Only then did he transfer to Oklahoma State. So he’s familiar with the road less traveled.
It’s a practice he’s utilized with his high school pupils as well. In February 2020, Cormier sent eight of his Gilroy youth wrestlers to train with top club athletes in Dagestan, an isolated Russian republic located in the North Caucasus Mountains along the Caspian Sea.
Six of those wrestlers — Elijah Cortez, Isaiah Cortez, Travis Grace, Moses Mendoza, Juan Carlos Puga and Daniel Zepeda — won individual section championships last Saturday at the CCS meet.
“My kids are committed, man,” Cormier said.
With school out last week, the team traveled to Las Vegas to train at the UFC Performance Institute. The parents paid for the flights, according to Cormier.
“My team spent three days at the UFC PI with rehab, training and using the recovery facilities,” Cormier said. “The UFC is helping these kids because they believe that they can go and try to win a team state championship. So this is an important week for us.”
Cormier’s wrestlers believe the experience at Gilroy is second to none, and they say the intense training will pay off this weekend.
“Whenever he is in the room, he comes in raring to go,” said senior Isaiah Cortez, who won a state title in 2023 and is now ranked third at 126 pounds. “He has a good game plan coming into each and every practice. Knowing the intensity that he brings into practice, that makes him that one step, one level better than everyone else within the state.”
Cormier is also involved with Gilroy’s girls wrestling program. He credits the emergence of female athletes in the MMA world for inspiring girls to join high school wrestling teams and continue to build the sport.
“It’s unbelievable,” Cormier said. “And I believe Ronda Rousey, in her ascension in the world of mixed martial arts, helped these young women know grappling is the best base for mixed martial arts. If you want to be a fighter, or have any idea that you’d like to try, you’ve got to start wrestling. And with all these young women, wrestling’s the fastest-growing sport in the world right now. And that’s important.”
It’s all important for Cormier, even though it doesn’t have to be. He’s set for life after earning more than $10 million in prize money, according to MMA Salaries. But he wouldn’t be fulfilled without everything he does with his Gilroy program.
Now, he and his charges are chasing a state title, something that has been a north star for the storied Gilroy program. As a team, the Mustangs finished second in 2008, 2018 and 2019 and third in 2023 and 2024.
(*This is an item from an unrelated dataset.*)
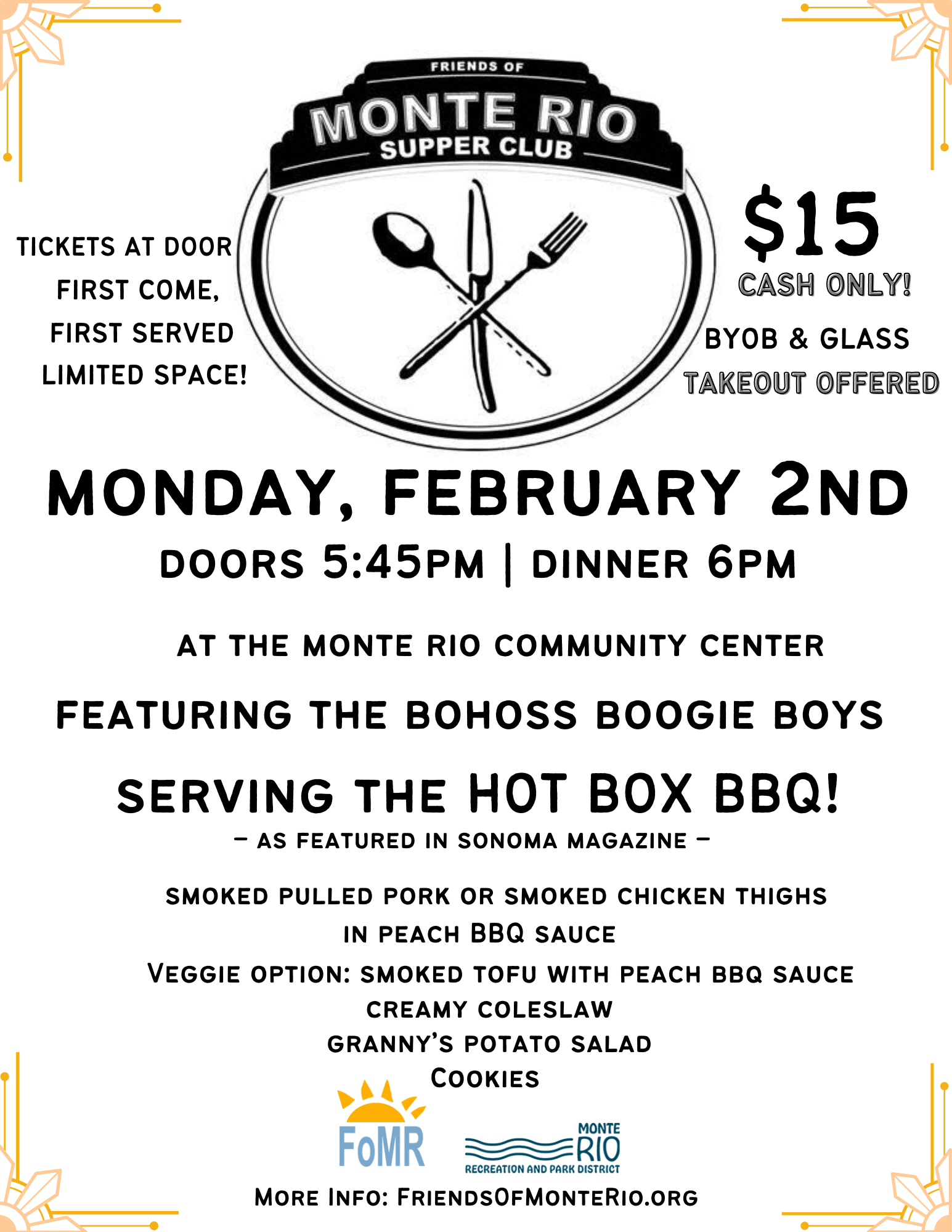 Back to All Events Supper Club Monday, February 2, 2026 5:45 PM 8:30 PM Monte Rio Community Center 20488 California 116 Monte Rio, CA, 95462 United States (map) Google Calendar ICS

They begin their quest for the program’s first state team title today at the CIF state tournament in Bakersfield, and this season’s journey will conclude with the finals on Saturday.
“Some things have to fall our way, I think, to win the team state title,” Cormier said. “I don’t know, because I’ve never won one. But I coached at Oklahoma State and won four national championships. You’ve got to catch some breaks, right? It’s not just what you do. You have to take care of the business that you’re supposed to, and it helps some things fall in line for you.”
Whether that day comes this year or in the more distant future, Cormier will keep grinding toward that goal. It’s all he knows.
“I love it, man,” Cormier said. “If you stop moving, you die. That’s what I believe.”